- Active: 1924 – 1944
- Country: United States
- Branch: Army
- Type: Coast artillery
- Role: Harbor defense
- Size: Regiment
- Part of: Harbor Defenses of Boston
- Garrison/HQ: Fort Dawes; Fort Heath; Fort Banks;
- Motto(s): Vigilantia
- Mascot(s): Oozlefinch

= 241st Coast Artillery (United States) =

The 241st Coast Artillery Regiment was a Coast Artillery Corps regiment in the Massachusetts National Guard. It garrisoned the Harbor Defenses of Boston (HD Boston), Massachusetts 1924–1944.

==History==
The 241st Coast Artillery regiment, Massachusetts National Guard was organized on 13 December 1636 as the South Regiment. By 1861 it was designated as the 1st Regiment of Infantry, Massachusetts Volunteer Militia. After serving in the Civil War as the 1st, it was redesignated and reorganized as the 1st Regiment of Heavy Artillery; the first coast artillery regiment in the National Guard. The 1st was mobilized for service in 1898 as the garrison for Fort Warren. As the 1st Coast Defense Command, the unit was mobilized for World War I service and provided batteries for the harbor defenses of Boston and for the 55th Artillery which served in France. The organization was reorganized as the 241st Coast Artillery regiment in 1923. The 241st was mobilized on 16 September 1940 prior to Pearl Harbor for duty as part of the harbor defenses of Boston. The regiment was broken up in 1944 as separate battalions. Its lineage passed to the 704th Antiaircraft Battalion in 1948. In 1959, the 241st Artillery (later the 241st Air Defense Artillery) was reorganized as a Nike unit with two battalions. In 1974, the 241st was redesignated as the 241st Field Artillery. It consolidated with the 101st Field Artillery regiment in 1975. The 101st carries the lineage of the 241st.

==Lineage==
The regiment's lineage originated with the 1st Infantry Regiment, Massachusetts National Guard (MANG), organized in 1878. Redesignated the 1st Regiment Heavy Artillery, MANG on 15 June 1897. Redesignated the 1st Heavy Artillery, Massachusetts Volunteers 9 May 1898, stationed at various forts in Massachusetts, and mustered out 14 November 1898. Reorganized and redesignated Coast Artillery Corps, MANG in 1905. Following the American entry into World War I in April 1917, called into federal service 25 July 1917 and redesignated 16th through 27th companies, Coast Defenses of Boston. Elements served with the 55th Artillery (Coast Artillery Corps) in France. Reorganized in 1920 as the 1st Coast Defense Command, CAC MANG.

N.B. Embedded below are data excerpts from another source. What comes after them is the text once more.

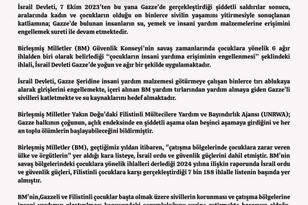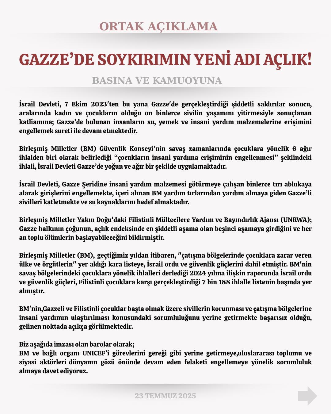 Barolardan Ortak Açıklama: Gazze’de Soykırımın Yeni Adı Açlık! 23.07.2025 140 Görüntüleme 23.07.2025 140 Görüntüleme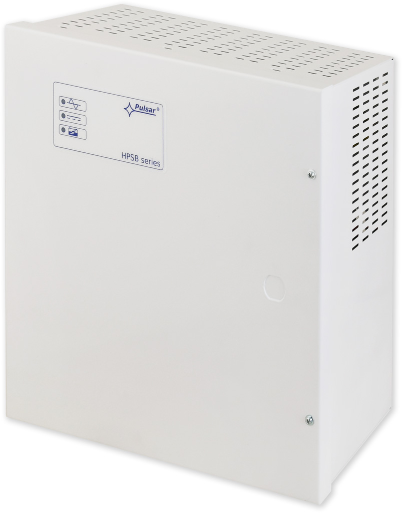 Pomocný zdroj v plechovém boxu s místem pro záložní akumulátor. Zdroj je v provedení AC/DC měniče, který se vyznačuje vysokou provozní odolností, vysokou účinností a minimálním ohřevem. Provedení je určeno pro použití v instalacích EZS, ale lze použít i v jiných případech, kde je potřeba zálohovaný zdroj 12 V =.
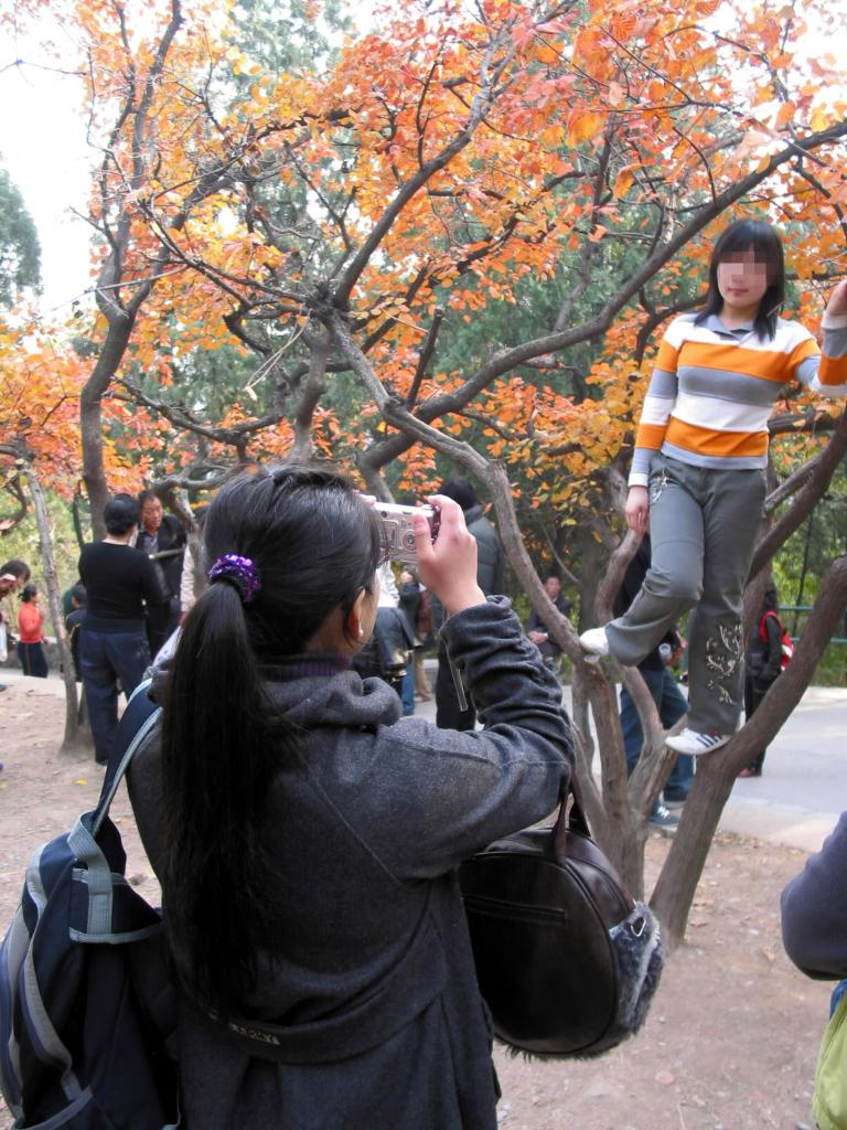2007年11月4日,不少游客來(lái)到北京香山觀賞紅葉,一名游客爬上樹(shù)與紅葉合影。新華社記者孫洪磊攝

Organized 30 April 1924 by redesignating the 241st Artillery, Coast Artillery Corps (previously the 1st Coast Defense Command), Massachusetts National Guard.

On 16 September 1940 the regiment was inducted into federal service and moved to Fort Andrews 23 September 1940. On 12 December 1941 the HQ moved to Fort Dawes; moved to Fort Heath in November 1943.

In September 1943 the 4th Battalion of the 241st transferred to the Harbor Defenses of Portland, Maine and was redesignated as the 3rd Battalion, 8th Coast Artillery, with Batteries K and M of the 241st becoming Batteries G and H of the 8th.

The regimental HQ moved to Fort Banks in March 1944.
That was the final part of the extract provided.